■ **Required work**
An exact reproduction of the entries is needed. Keep all pictures out of it.
####
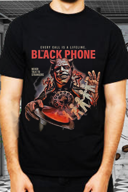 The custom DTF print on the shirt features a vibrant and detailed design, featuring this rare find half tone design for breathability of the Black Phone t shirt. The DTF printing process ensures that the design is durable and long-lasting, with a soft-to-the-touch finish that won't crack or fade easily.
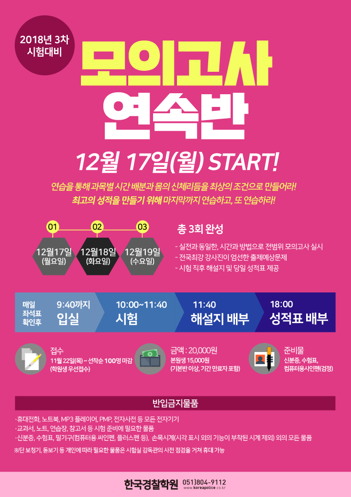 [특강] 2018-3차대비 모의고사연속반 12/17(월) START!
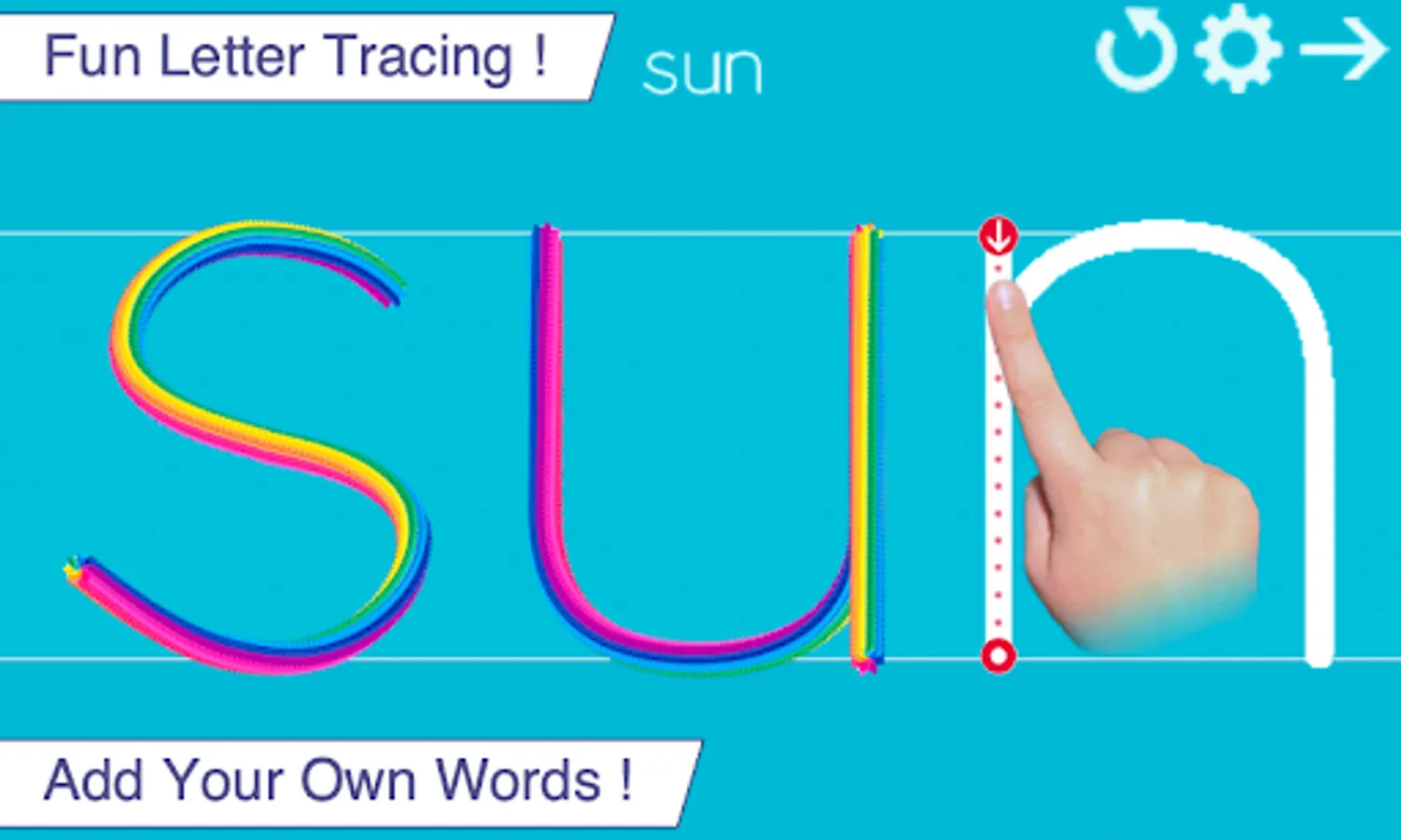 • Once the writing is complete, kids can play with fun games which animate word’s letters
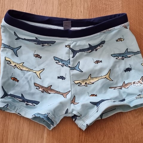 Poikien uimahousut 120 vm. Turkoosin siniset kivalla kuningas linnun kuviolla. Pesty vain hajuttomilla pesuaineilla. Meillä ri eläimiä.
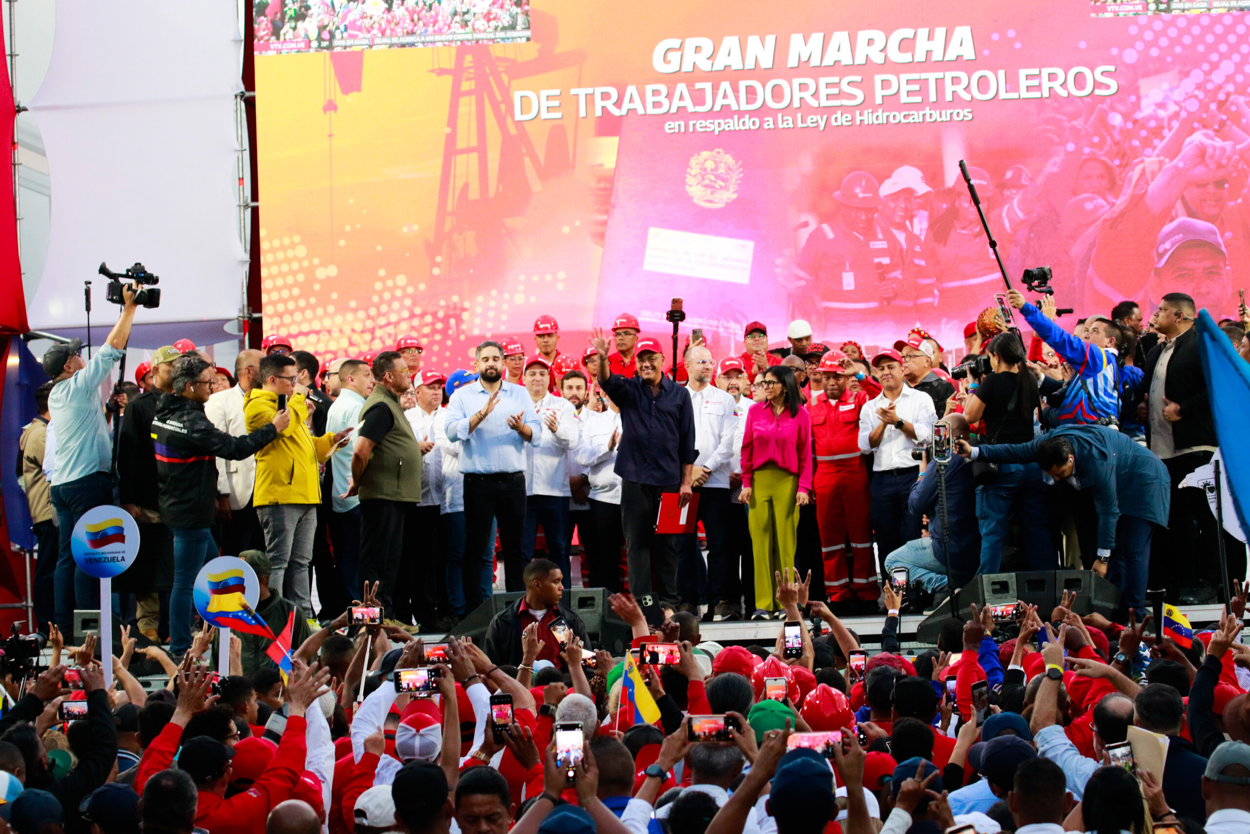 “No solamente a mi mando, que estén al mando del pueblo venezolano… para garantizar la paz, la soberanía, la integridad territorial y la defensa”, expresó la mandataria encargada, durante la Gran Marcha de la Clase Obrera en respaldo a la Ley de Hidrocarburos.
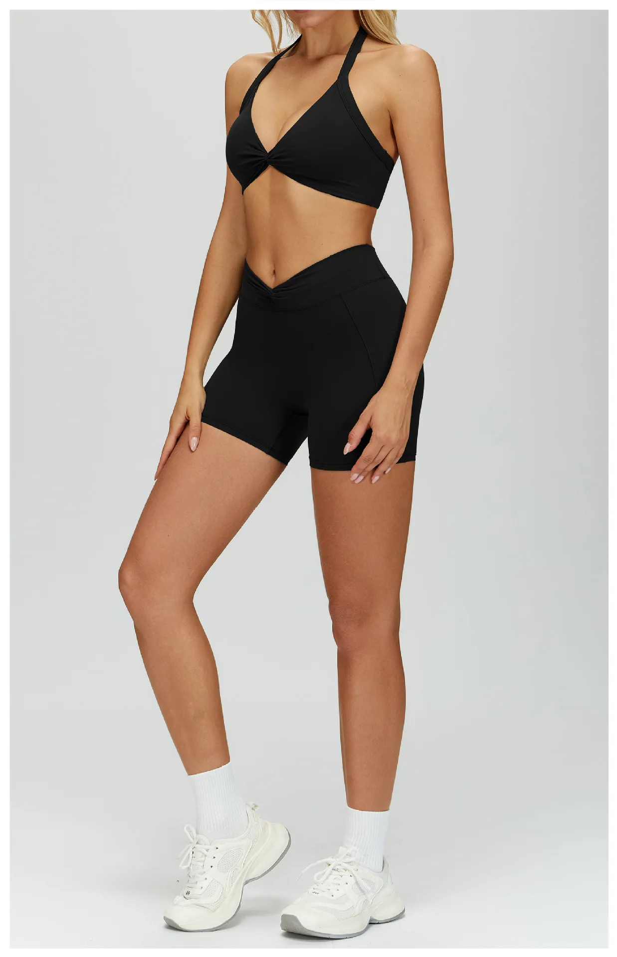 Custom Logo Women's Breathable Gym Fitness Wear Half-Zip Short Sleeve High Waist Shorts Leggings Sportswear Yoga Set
####
■ **Response to this exercise**
 The custom DTF print on the shirt features a vibrant and detailed design, featuring this rare find half tone design for breathability of the Black Phone t shirt. The DTF printing process ensures that the design is durable and long-lasting, with a soft-to-the-touch finish that won't crack or fade easily.
 [특강] 2018-3차대비 모의고사연속반 12/17(월) START!
 • Once the writing is complete, kids can play with fun games which animate word’s letters
 Poikien uimahousut 120 vm. Turkoosin siniset kivalla kuningas linnun kuviolla. Pesty vain hajuttomilla pesuaineilla. Meillä ri eläimiä.
 “No solamente a mi mando, que estén al mando del pueblo venezolano… para garantizar la paz, la soberanía, la integridad territorial y la defensa”, expresó la mandataria encargada, durante la Gran Marcha de la Clase Obrera en respaldo a la Ley de Hidrocarburos.
 Custom Logo Women's Breathable Gym Fitness Wear Half-Zip Short Sleeve High Waist Shorts Leggings Sportswear Yoga Set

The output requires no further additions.